Sara went full diplomatic. She thanked them, said it looked powerful, and moved the bottle to the sideboard next to the garlic press we never use. But it hung there in the room like a bomb someone forgot to defuse. Every time there was a pause in conversation, someone looked at it. Leo came down at one point to get a charger and Pablo offered him “presence water.” Leo said, “I have school,” and left without blinking.
The rest of the evening went sideways in slow motion. Tilda started crying during dessert. Pablo started singing. Not like a song—just long tones, like he was tuning himself. Someone asked if the twins would be raised “in the path,” and I said yes, the school path, with maths and grammar and mild disappointment. That was the last thing I said all night.

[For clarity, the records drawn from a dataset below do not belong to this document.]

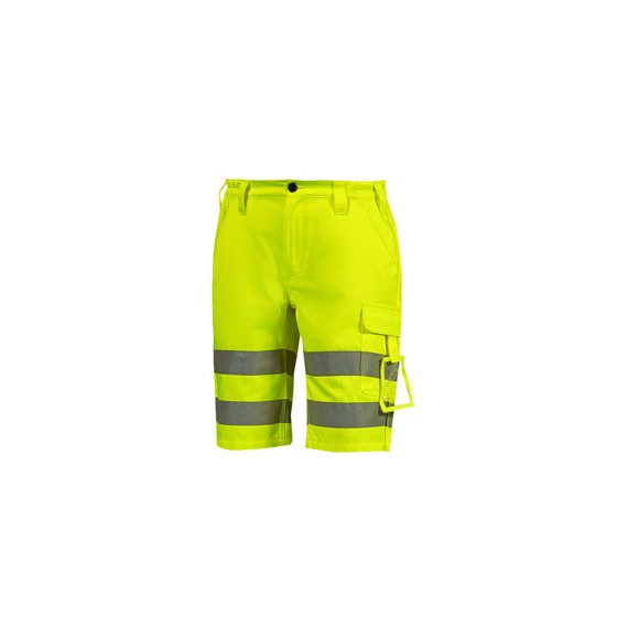 Pantaloncini realizzati in resistente tessuto cotone/poliestere 50/50, dotati di chiusura centrale con zip e bottone gommato antigraffio per un'ottima tenuta e una durata nel tempo. Rinforzi nella zona lombare, grazie al carré posteriore accentuato e triple cuciture. Inserti elasticizzati nel girovita per garantire totale libertà di movimento. 2 ampie tasche anteriori, 2 tasche posteriori con patta e velcro, 1 tasca laterale multifunzionale e 1 tasca porta-metro. Nastro reflex posizionato sul passante tubolare posteriore per migliore visibilità. Su ordinazione da S a 5XL.CE EN ISO 13688, EN ISO 20471.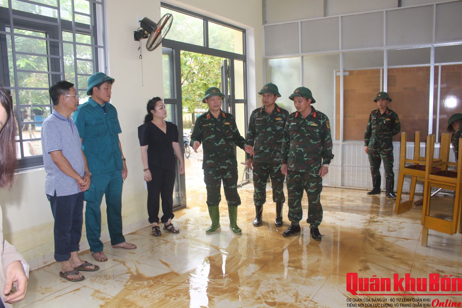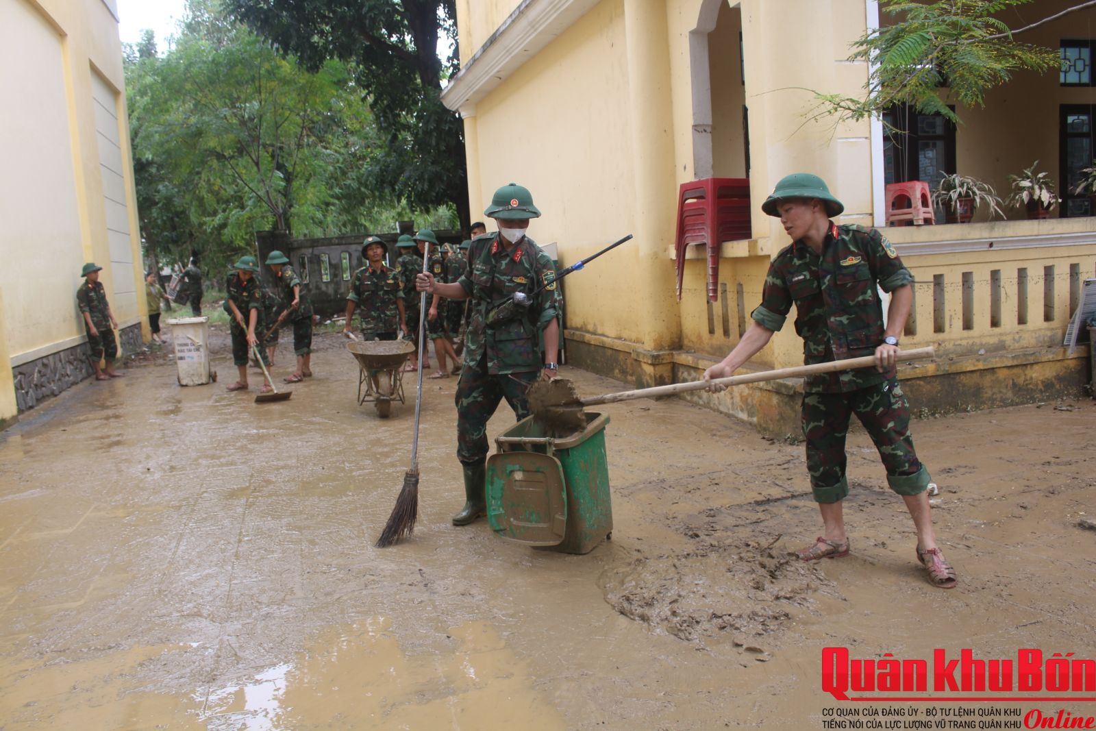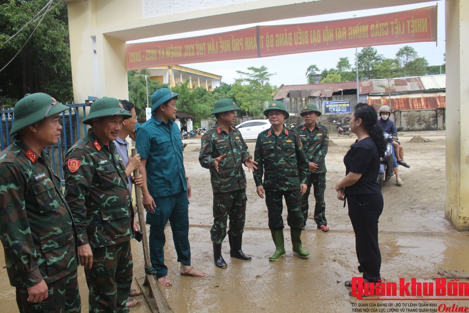 Từ sáng sớm, hơn 30 cán bộ, chiến sĩ Tiểu đoàn Bộ binh 1, Trung đoàn Bộ binh 6, Bộ Chỉ huy Quân sự thành phố Huế đã có mặt tại Trường Mầm non Thủy Thanh 1 (cơ sở Vân Thê Đập), phường Thủy Thanh. Để đến được điểm trường nằm sát bờ sông Như Ý này, bộ đội phải lội bộ qua quãng đường gần 1,5 km ngập bùn lầy.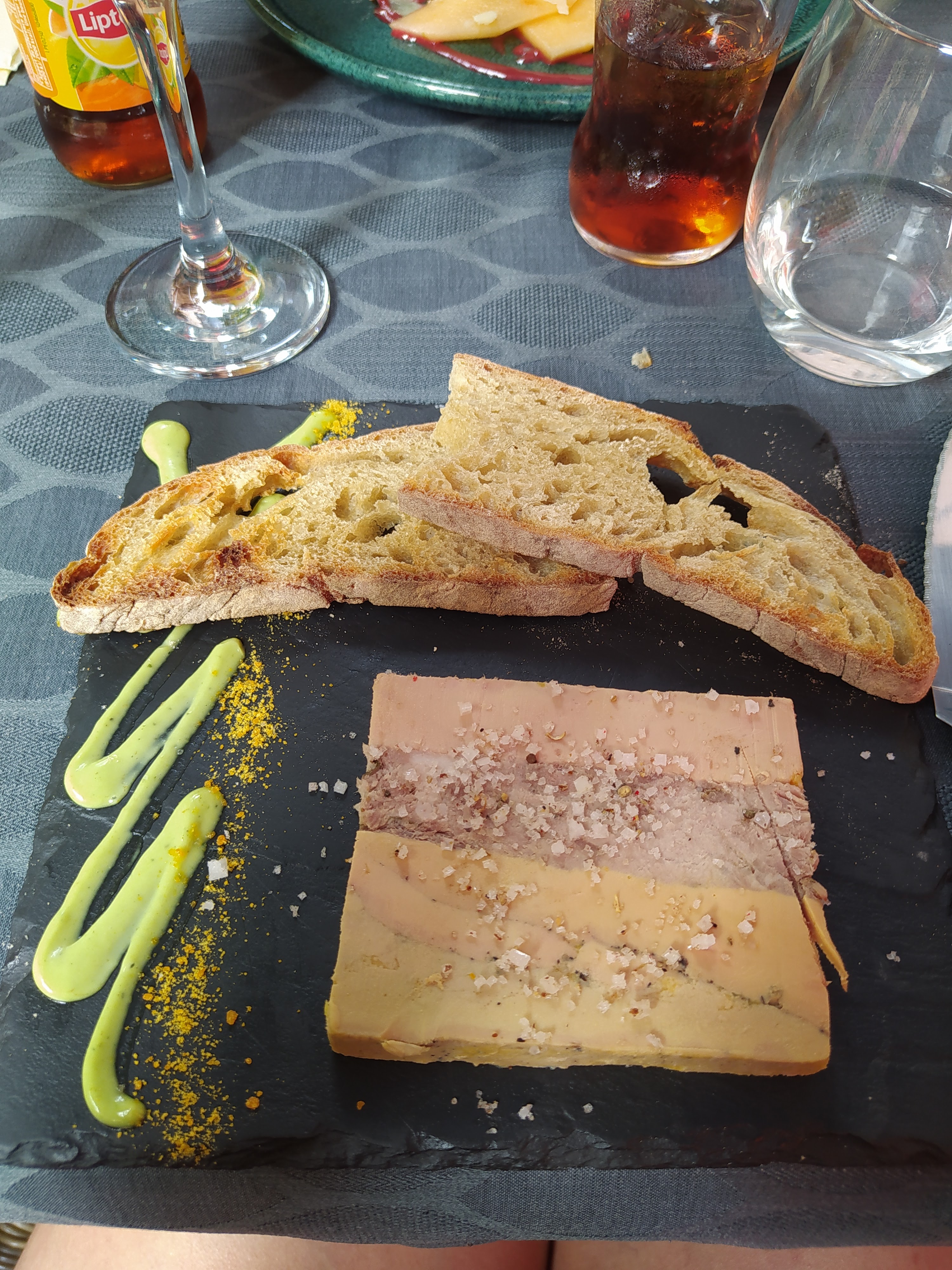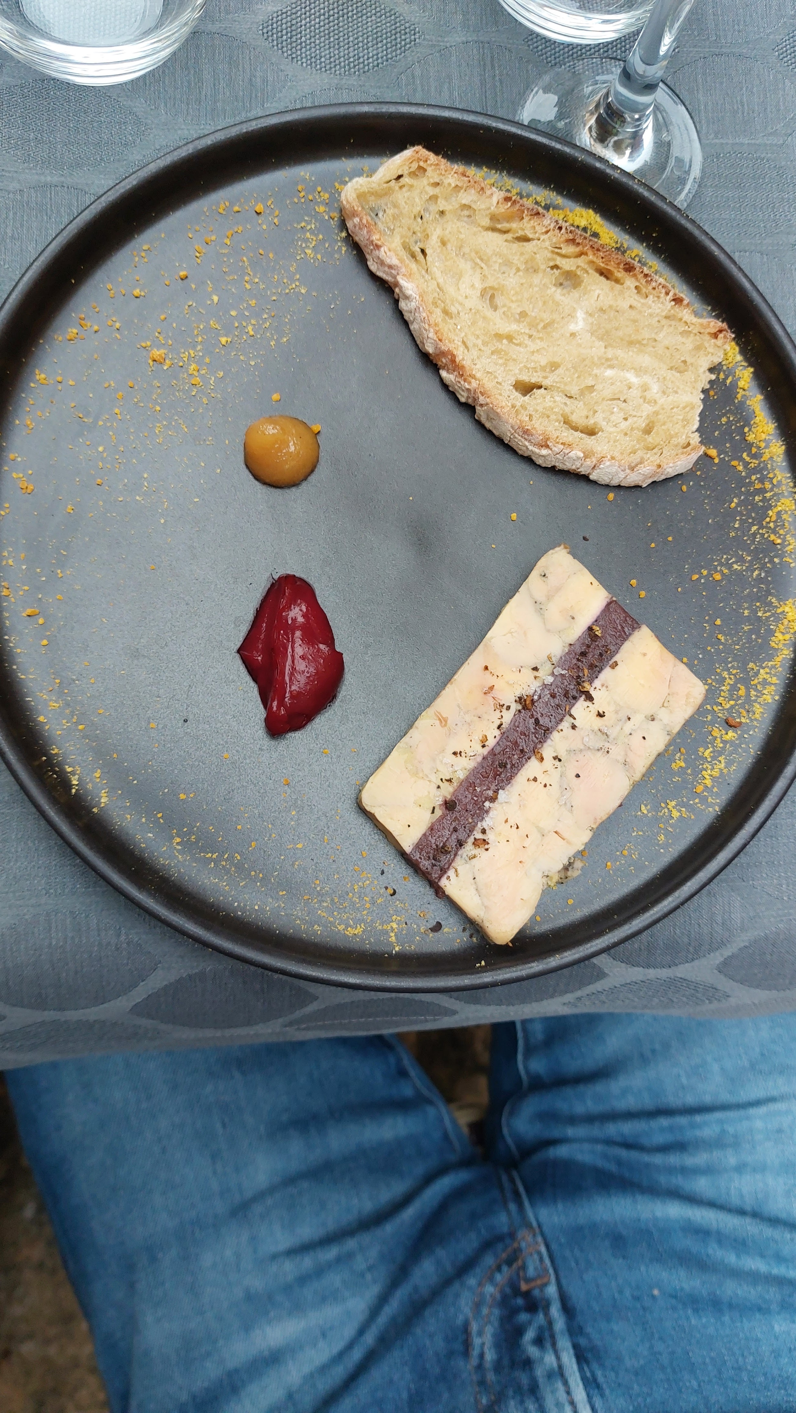 On m'avait beaucoup vanté le lieu, j'en attendais beaucoup. C'est un endroit qui ne tente pas l'arnaque à l'authenticité et c'est plaisant à sarlat malgré un certain laxisme dans les appellations de la carte. La fondue au brie en entrée à été une très bonne surprise. Le quasi de veau m'a laissé plus partagé, une sauce à la truffe, une autre au citron, un beurre truffé, des légumes lactofermentés, des patates sarladaises ( il va vraiment falloir se mettre d'accord sur cette appellation) et beaucoup d'aneth frais qui a tendance à noyer le reste, bref un plat très compliqué dont je n'ai sans doute pas été capable de saisir l'opportunité de toutes les nuances. Indubitablement un restaurant à faire ne serait ce que parcequ'il change des micro ondes à ouvre boîte trop présents dans sarlat. Il gagnerait à comprendre que la fusion est un but et pas une doxa.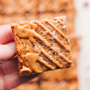 I’m truly obsessed. Like best breakfast bar I’ve ever had and I don’t say that lightly. They’re soft, chewy, and taste like a cross between a peanut butter cookies and oatmeal, but they’re made with minimal refined sugar, no flour, and plenty of peanut butter to keep them filling with a boost of protein.

They stayed until two. Didn’t drink. Didn’t eat much. Just glowed and hummed and spoke about “what we’ve forgotten as men.” When they left, Sara sat on the sofa in silence for a long time, just looking at the bottle. Then she got up, opened it, sniffed, and said, “It smells like someone buried a sock.”
We didn’t drink it. She poured it down the sink. The twins came into the kitchen in the morning and asked what the brown sludge was. I told them it was a smoothie experiment that went wrong. Which is technically true.
I haven’t had a cigarette in four days. I don’t know if it’s connected. But I do feel slightly more coiled than usual.